• Instructions to follow
Retype every line from the start of the data down to and including the line with "Stany Zjednoczone, Kolorado, San". Skip the pictures.

+++ Records provided +++

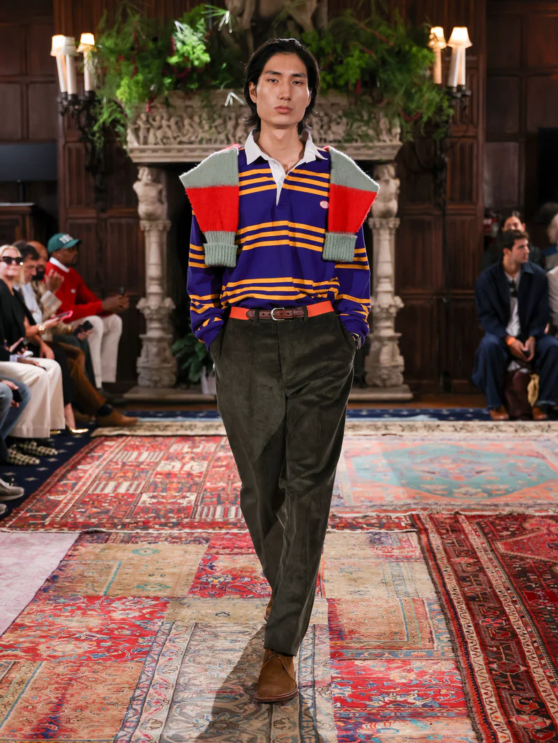 From the Harvard-Yale Game to the World Series, my sports fandom spans all levels in autumn. Being part British, the Grand Final of Super League rugby and the start of Premiership Rugby are my two favorite perennials. Honoring that, allow me to rhapsodize over my go-to weekend garment of the season: The classic rugby shirt. GQ reported that this “prep-adjacent staple” dominated at London and New York Fashion Week. Though that’s neither here nor there for the trend-resistant, it certainly proves how stylistically versatile this collared jersey really is.
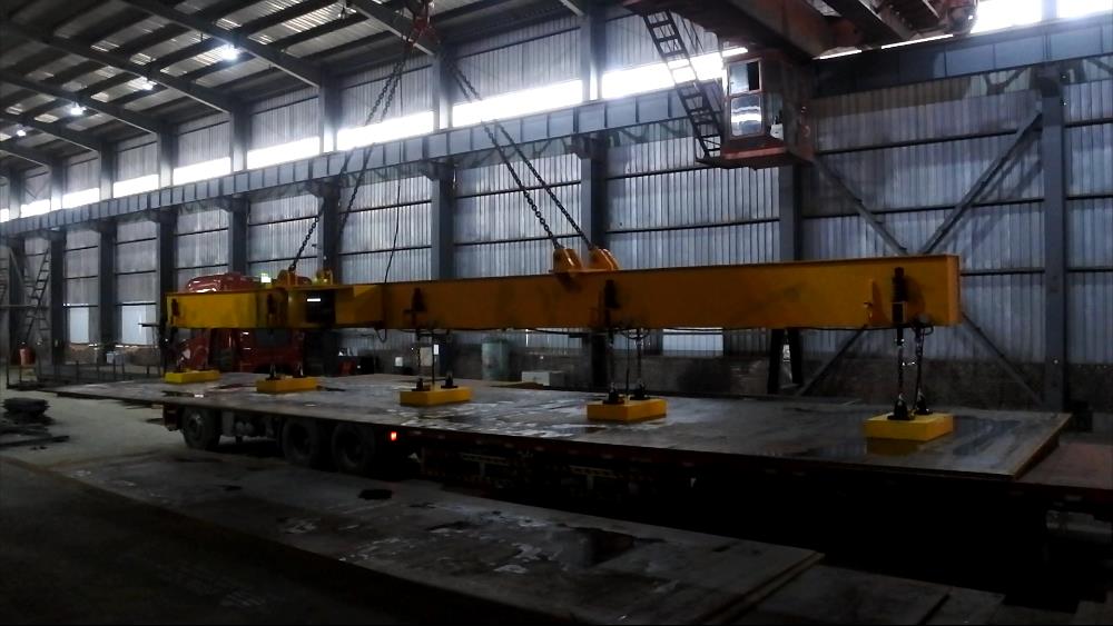 長鋼板吊運可能出現(xiàn)彎曲變形而影響安全搬運,所以在吊運長尺寸鋼板時,請使用多臺
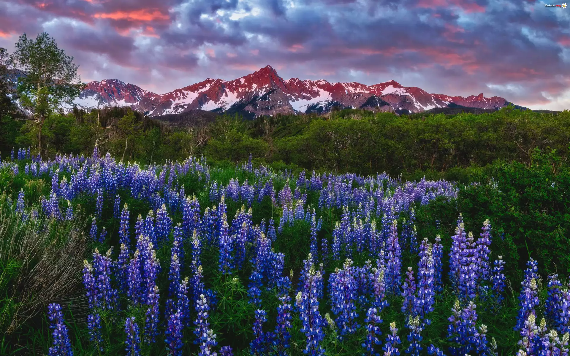 Stany Zjednoczone, Kolorado, San Juan Mountains, Mount Sneffels, Góry, Polana, Kwiaty, Łubin, Drzewa, Zieleń, Chmury, Zachód słońca - Zdjęcia |
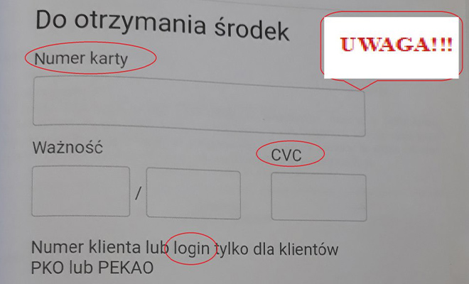 – Oszuści tworzą fałszywe strony imitujące wyglądem witrynę płatności jednego z internetowych serwisów ogłoszeniowych. Aby sfinalizować transakcję, wiadomości z linkami przekierowującymi na fałszywe strony są wysyłane przez komunikatory internetowe. Po wejściu na fałszywą stronę użytkownikowi pokazuje się proces zamówienia przesyłki. Aby opłacić usługę kurierską, mamy podać różne dane osobowe, w tym numer karty płatniczej i kod zabezpieczeń. Kolejny krok to przekierowanie do aplikacji bankowej – i tak ofiary tracą ze swojego konta oszczędności – informują policjanci. Ku przestrodze publikujemy wzory formularzy, którymi często posługują się internetowi oszuści. (as)
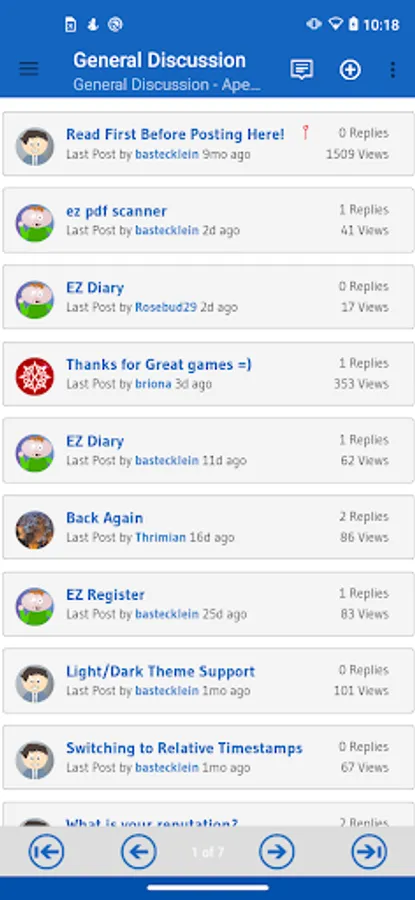 Forum theme customization: Forum Fiend allows users to customize the theme color of the app on a per-forum basis. Give each forum you subscribe to its own look and feel! Forum owners can also provide default theme settings for their forums by saving a small .json file to their forum server. See https://www.ape-apps.com/viewpage.php?p=forum-fiend for more information.

+++

• Your response
 From the Harvard-Yale Game to the World Series, my sports fandom spans all levels in autumn. Being part British, the Grand Final of Super League rugby and the start of Premiership Rugby are my two favorite perennials. Honoring that, allow me to rhapsodize over my go-to weekend garment of the season: The classic rugby shirt. GQ reported that this “prep-adjacent staple” dominated at London and New York Fashion Week. Though that’s neither here nor there for the trend-resistant, it certainly proves how stylistically versatile this collared jersey really is.
 長鋼板吊運可能出現(xiàn)彎曲變形而影響安全搬運,所以在吊運長尺寸鋼板時,請使用多臺
 Stany Zjednoczone, Kolorado, San Juan Mountains, Mount Sneffels, Góry, Polana, Kwiaty, Łubin, Drzewa, Zieleń, Chmury, Zachód słońca - Zdjęcia |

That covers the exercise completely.